Les recommandations actuelles
Les recommandations scientifiques préconisent un apport protéique quotidien compris entre 1,0 et 1,2 g/kg de poids corporel pour les personnes âgées en bonne santé, et jusqu’à 1,5 g/kg en cas de pathologie ou de dénutrition (European Society for Clinical Nutrition and Metabolism, 2019). Pourtant, de nombreuses études montrent que les seniors n’atteignent pas ces objectifs. Selon une étude publiée dans The American Journal of Clinical Nutrition (2022), environ 50 % des personnes âgées consomment moins de 0,8 g/kg/jour, compromettant ainsi leur santé musculaire.
Pourquoi un apport protéique élevé est-il indispensable ?
Maintien de la masse musculaire
Les protéines jouent un rôle essentiel dans la synthèse des protéines musculaires (SPM). Or, avec l’âge, la capacité de l’organisme à synthétiser les protéines diminue, nécessitant un apport plus élevé pour compenser cette perte d’efficacité.
Une méta-analyse publiée dans The Journal of Nutrition, Health & Aging (2021) a démontré que l’augmentation de l’apport protéique à 1,2 g/kg/jour est associée à une réduction de 30 % du risque de perte musculaire par rapport aux apports standards (0,8 g/kg/jour).
Réduction des risques de chute et de perte d’autonomie
La perte musculaire expose les personnes âgées à un risque accru de chutes. Selon l’Organisation mondiale de la santé (OMS), les chutes représentent la deuxième cause mondiale de décès accidentels ou traumatiques chez les personnes de plus de 65 ans. Améliorer l’apport protéique permet non seulement de maintenir la force musculaire, mais aussi d'optimiser l’équilibre et la coordination motrice.
Les meilleures stratégies pour augmenter l’apport protéique :
1. Répartir les protéines tout au long de la journée
Pour maximiser la synthèse musculaire, il est crucial de répartir les protéines sur trois repas, avec environ 25 à 30 g par repas.

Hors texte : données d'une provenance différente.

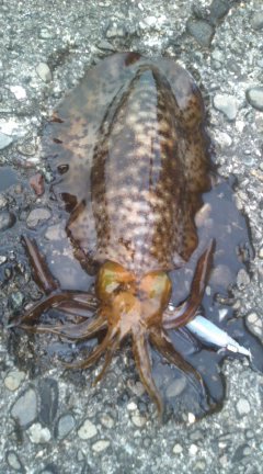 新子がエギを追っかけてきますがなかなか乗りません。 あきらめて居残りの親イカを狙っていると、突然ひったくるようなアタリ!この時期にしては大満足の700gサイズでした!
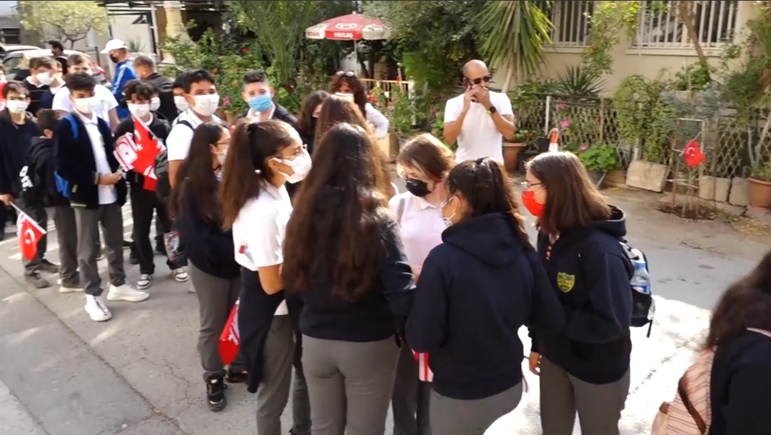 Marşlar, şarkılar, KKTC ve Türkiye Cumhuriyeti bayrakları eşliğinde Milli Eğitim ve Kültür Bakanlığı’ndan Cumhuriyet Meclisi’ne yürüyen öğrencilere güzergah üzerinde bulunan vatandaşlar da destek verdi.
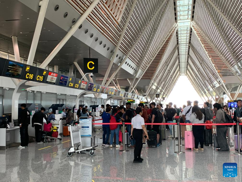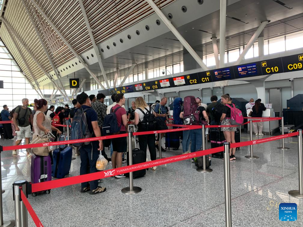 Passengers queue to check in at the Siem Reap Angkor International Airport in Siem Reap province, Cambodia on Oct. 16, 2025. The Chinese-invested Siem Reap Angkor International Airport (SAI) on Thursday marked the second anniversary of its operations. (Photo by Van Pov/Xinhua)
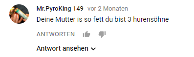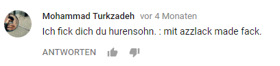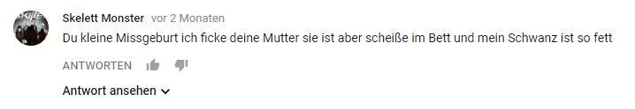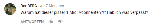 Wenn man diesen Kommentar übersetzen würde, würde dort stehen: "Der hat 1 Millionen Abonnenten? Warum ist der so erfolgreich? Ich möchte auch! Wenn der das alles haben darf, dann will ich auch! DISLIKEEE!"
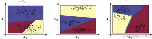 我们来看一下更多分类的例子,这个例子中(左边图) ,因此这个绿色分类和Softmax仍旧可以代表多种分类之间的这些类型的线性决策边界。另一个例子(中间图)是 类,最后一个例子(右边图)是 ,这显示了Softmax分类器在没有隐藏层的情况下能够做到的事情,当然更深的神经网络会有 ,然后是一些隐藏单元,以及更多隐藏单元等等,你就可以学习更复杂的非线性决策边界,来区分多种不同分类。
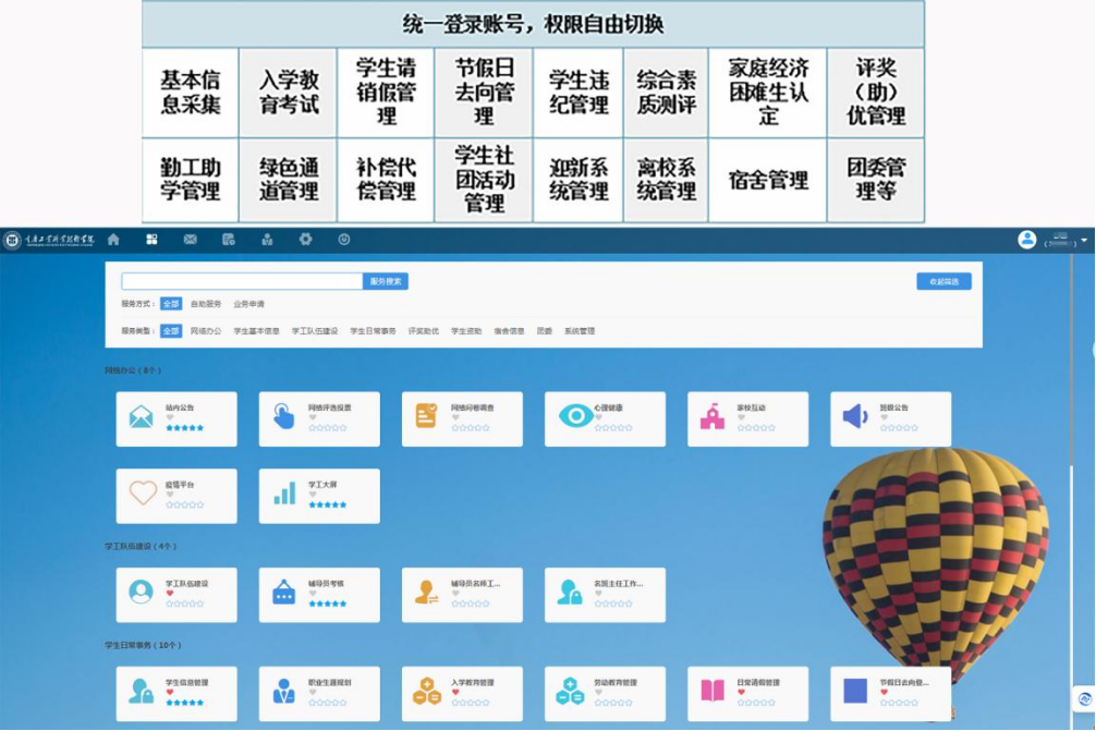 2023年12月重庆工业职业技术学院级后的学生关爱平台核心功能(共16个模块)及PC端
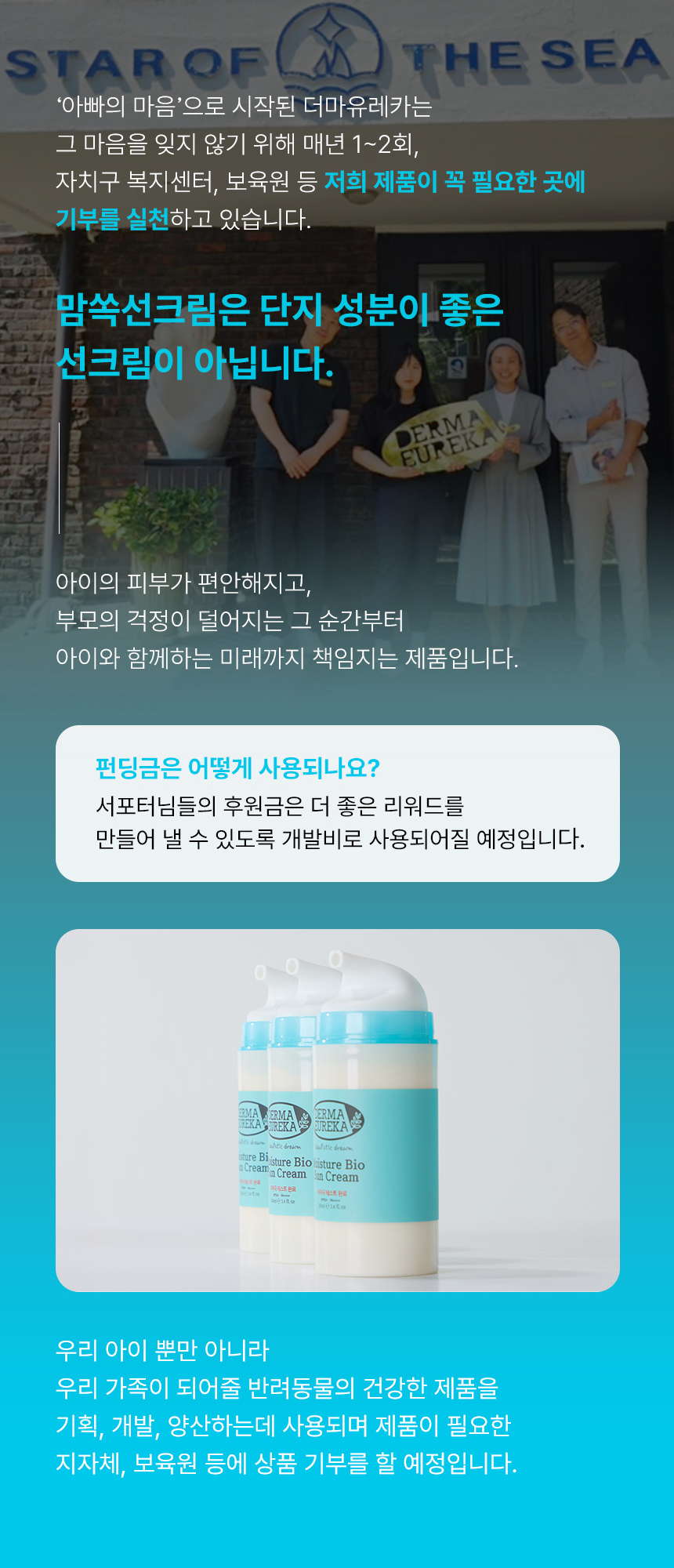 # 펀딩 성공금은 2025년 지자체와 보육원과 같이 우리 유레카코스의 제품이 필요한곳에 기부할 예정이며, 새소식을 통해 공지 할 예정입니다.

Une étude publiée dans Clinical Nutrition (2020) souligne que cette répartition augmente l’efficacité de la synthèse protéique de 20 % par rapport à une prise unique concentrée.
2. Privilégier les protéines de haute qualité
Les protéines animales (viandes maigres, poissons, œufs, produits laitiers) sont particulièrement efficaces pour maintenir la masse musculaire grâce à leur profil complet en acides aminés essentiels, notamment la leucine.
Les protéines végétales (légumineuses, soja, céréales complètes) sont aussi bénéfiques, à condition d’être combinées pour couvrir l’ensemble des acides aminés indispensables.
3. Enrichir l’alimentation de manière astucieuse
Pour augmenter la densité protéique sans accroître le volume des repas, il est conseillé d’ajouter des ingrédients riches en protéines aux plats quotidiens.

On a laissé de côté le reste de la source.